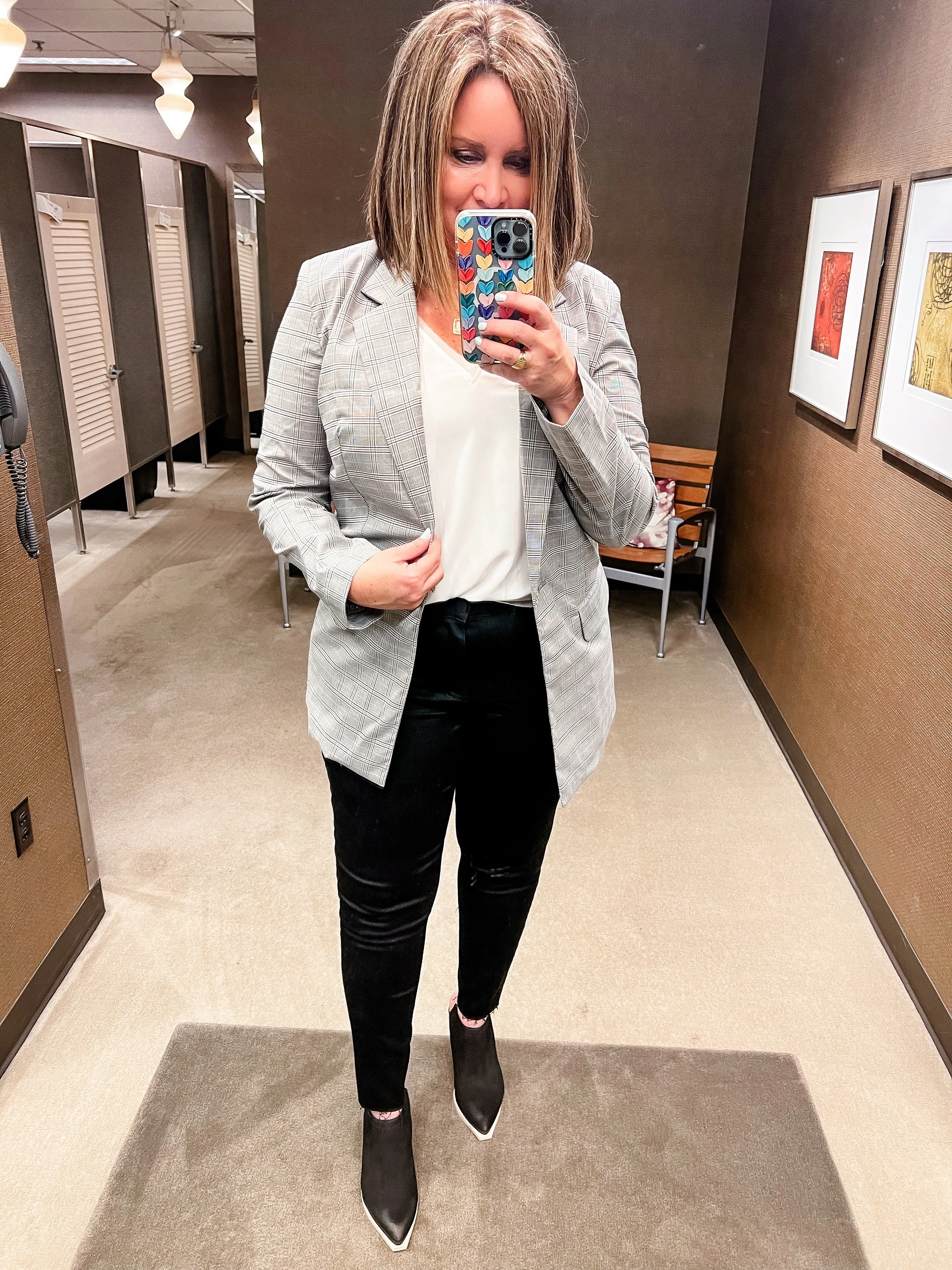 GREY PLAID BLAZER - I love the longer length of this blazer and the light grey plaid will go with so many different colors. It runs true to size.
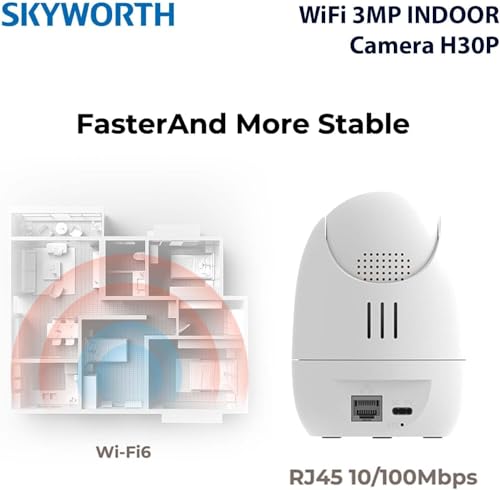 SKY-WORTH H30P 3MP Indoor Security Camera with WiFi 6 Color Night Vision 360° Rotation with Microphone and Speaker
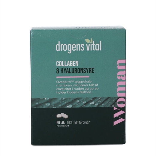 Drogens Vital Woman Collagen & Hyaluronsyre er et kosttilskud, der styrker hudens struktur og fugtbalance.

- [Task directions]
Write out the material above exactly, and omit the pictures it holds.

- [The answer]
 GREY PLAID BLAZER - I love the longer length of this blazer and the light grey plaid will go with so many different colors. It runs true to size.
 SKY-WORTH H30P 3MP Indoor Security Camera with WiFi 6 Color Night Vision 360° Rotation with Microphone and Speaker
 Drogens Vital Woman Collagen & Hyaluronsyre er et kosttilskud, der styrker hudens struktur og fugtbalance.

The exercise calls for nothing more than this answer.